Advanced Analytics in Operations Management and Information Systems: Methods and Applications
(2019)
The digital transformation of business and society presents enormous potentials for companies across all sectors. Fueled by massive advances in data generation, computing power, and connectivity, modern organizations have access to gigantic amounts of data. Companies seek to establish data-driven decision cultures to leverage competitive advantages in terms of efficiency and effectiveness. While most companies focus on descriptive tools such as reporting, dashboards, and advanced visualization, only a small fraction already leverages advanced analytics (i.e., predictive and prescriptive analytics) to foster data-driven decision-making today. Therefore, this thesis set out to investigate potential opportunities to leverage prescriptive analytics in four different independent parts.
As predictive models are an essential prerequisite for prescriptive analytics, the first two parts of this work focus on predictive analytics. Building on state-of-the-art machine learning techniques, we showcase the development of a predictive model in the context of capacity planning and staffing at an IT consulting company. Subsequently, we focus on predictive analytics applications in the manufacturing sector. More specifically, we present a data science toolbox providing guidelines and best practices for modeling, feature engineering, and model interpretation to manufacturing decision-makers. We showcase the application of this toolbox on a large data-set from a German manufacturing company.
Merely using the improved forecasts provided by powerful predictive models enables decision-makers to generate additional business value in some situations. However, many complex tasks require elaborate operational planning procedures.
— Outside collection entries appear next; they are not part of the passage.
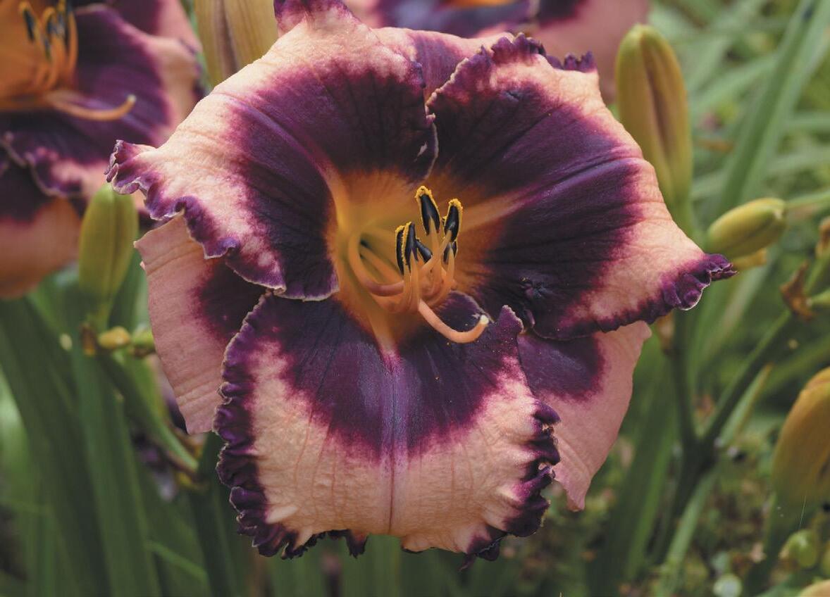 Stunning deep rich purple blooms with pale rose purple eye. A game-changer in the garden. 30” tall, 6” bloom. Mid. Dormant. Tetraploid.
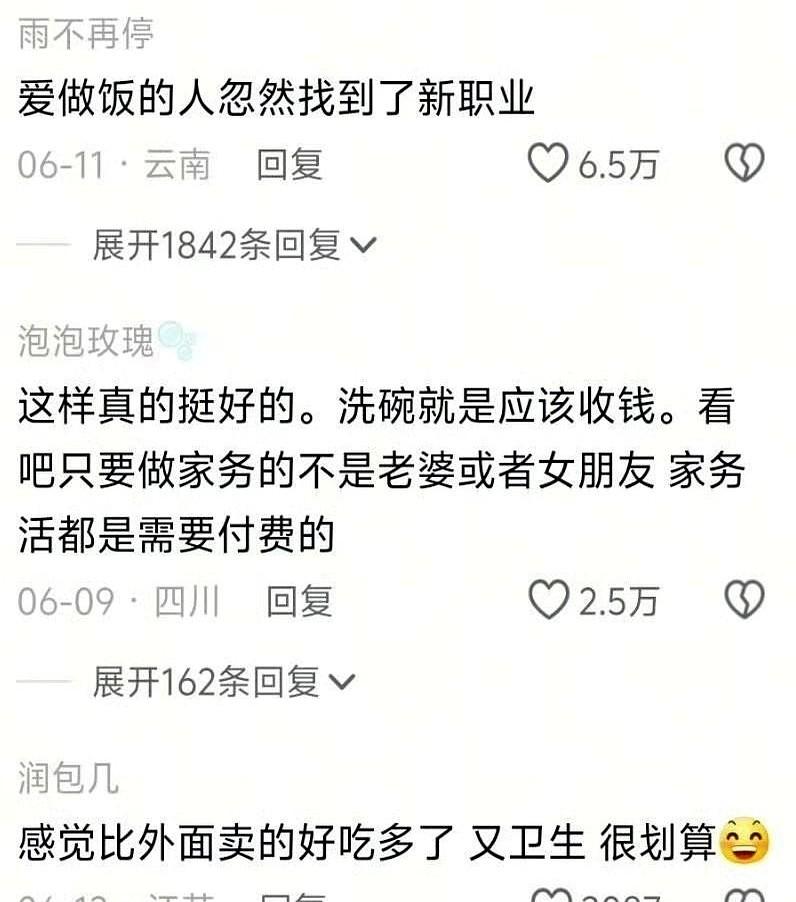 工资不涨,锅铲能涨 小林上午给公司做20份低脂午餐,下午去家庭炖月子汤,夜里再赶一场朋友聚会烤串,一天跑三家,净落800。 她没店没库存,客户把菜买好,她只带刀和锅,油钱都不掏。 平台抽15%,她仍剩85%,比开店交房租省一大截。 她把做菜视频发在小红书,一条爆款能吸来几十个本地订单。 有人找她学,她就开线上课,一份课卖99,夜里睡觉也在进账。 我看到的是:手艺成了新存折。 把私人厨师写进新职业名单,还给培训补贴,就是在告诉普通人,只要肯练锅铲,不用等老板加薪,也能自己给自己发工资。 想试的人别光眼红,先去把健康证和营养师证拿到手,再拍三条真材实料的做菜视频,订单自然会爬上门。 锅铲握得稳,钱包就稳。
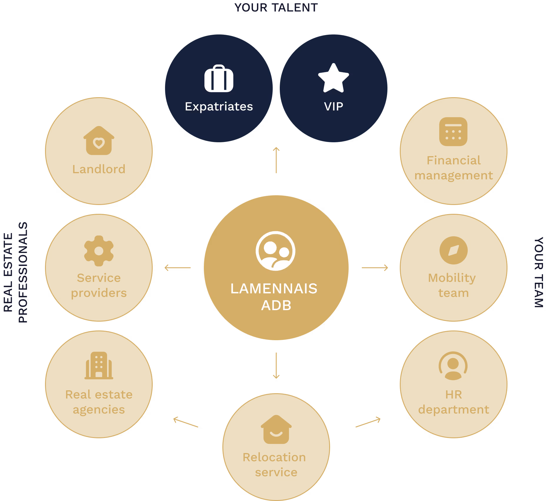 Depuis de nombreuses années, Lamennais ADB accompagne les entreprises françaises et internationales dans l’installation de leurs collaborateurs en Île-de-France. Grâce à notre expertise immobilière, nous simplifions chaque étape du processus : recherche du logement, vérification du bail, signature et état des lieux. Un interlocuteur unique dédié assure un suivi personnalisé et une gestion fluide du dossier. Nous assistons vos collaborateurs pour la souscription des assurances, le paiement des loyers et la résolution des incidents. À la fin du bail, nous veillons à la récupération du dépôt de garantie et à la défense des intérêts du locataire. Avec Lamennais ADB, vous offrez à vos équipes un accompagnement sur mesure, sûr et conforme à la réglementation.
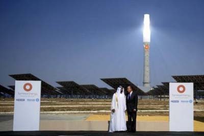 阿布達(dá)比酋長國王儲(chǔ)(左)和西班牙國王卡洛斯一世在去年的發(fā)電站開幕式上
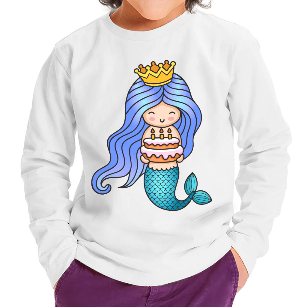 Birthday Mermaid Toddler Long Sleeve T-Shirt – Cake Kids’ T-Shirt – Art Long Sleeve Tee
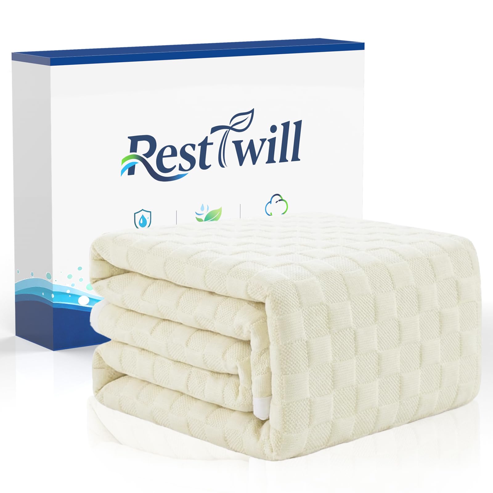 RestTwill Waterproof Mattress Protector with Deep Pocket, 3D Waffle Bed Cover, Soft Organic Cotton Blend, Moisture-Wicking, Noiseless (White, Queen) โ€” $49.99 | Nab 'n Buy
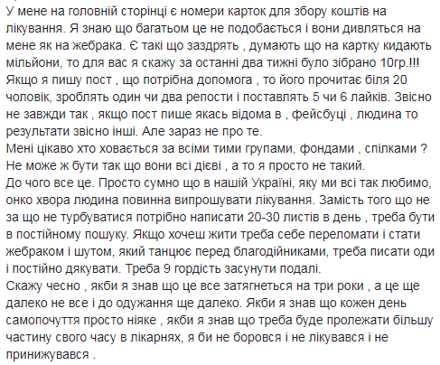 "У меня на главной странице есть номера карточек для сбора средств на лечение. Я знаю, что многим это не нравится и они смотрят на меня как на нищего. Есть такие что завидуют, думают что на карту бросают миллионы, то для вас скажу - за последние две недели было собрано 10 гривен!!! Когда мой пост, нужна помощь, то его прочитает около 20 человек, сделают один или два репоста и поставят 5 или 6 лайков. Конечно не всегда так, если пост пишет какой-то известный в Facebook человек, то результаты конечно другие. Но сейчас не об этом", - отметил Антропов.
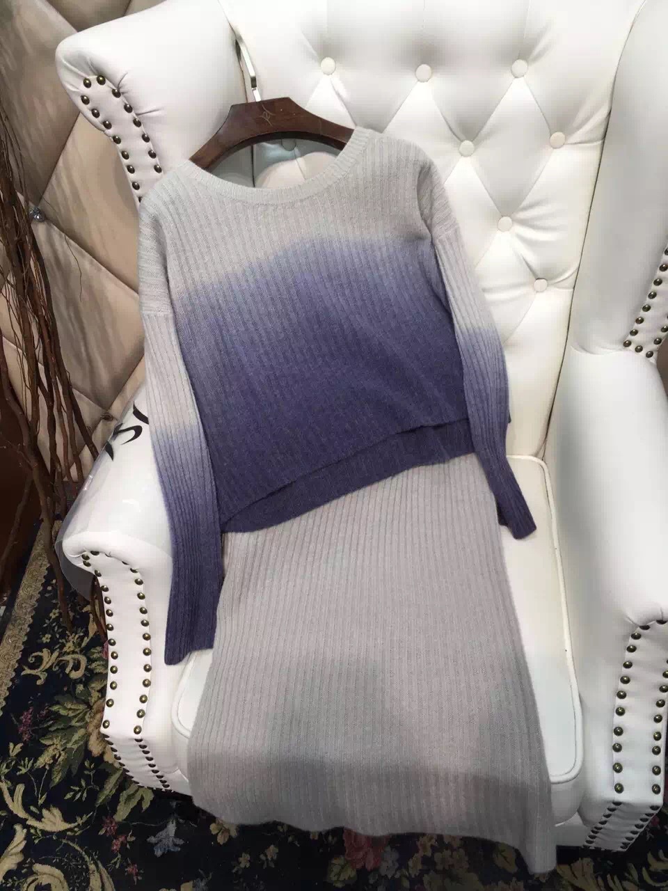 東大門2015秋冬新款森女系針織彈力漸變色裙套裝批發招代理 /

Here, transforming additional information into valuable actions requires new planning algorithms. Therefore, the latter two parts of this thesis focus on prescriptive analytics. To this end, we analyze how prescriptive analytics can be utilized to determine policies for an optimal searcher path problem based on predictive models. While rapid advances in artificial intelligence research boost the predictive power of machine learning models, a model uncertainty remains in most settings. The last part of this work proposes a prescriptive approach that accounts for the fact that predictions are imperfect and that the arising uncertainty needs to be considered. More specifically, it presents a data-driven approach to sales-force scheduling. Based on a large data set, a model to predictive the benefit of additional sales effort is trained. Subsequently, the predictions, as well as the prediction quality, are embedded into the underlying team orienteering problem to determine optimized schedules.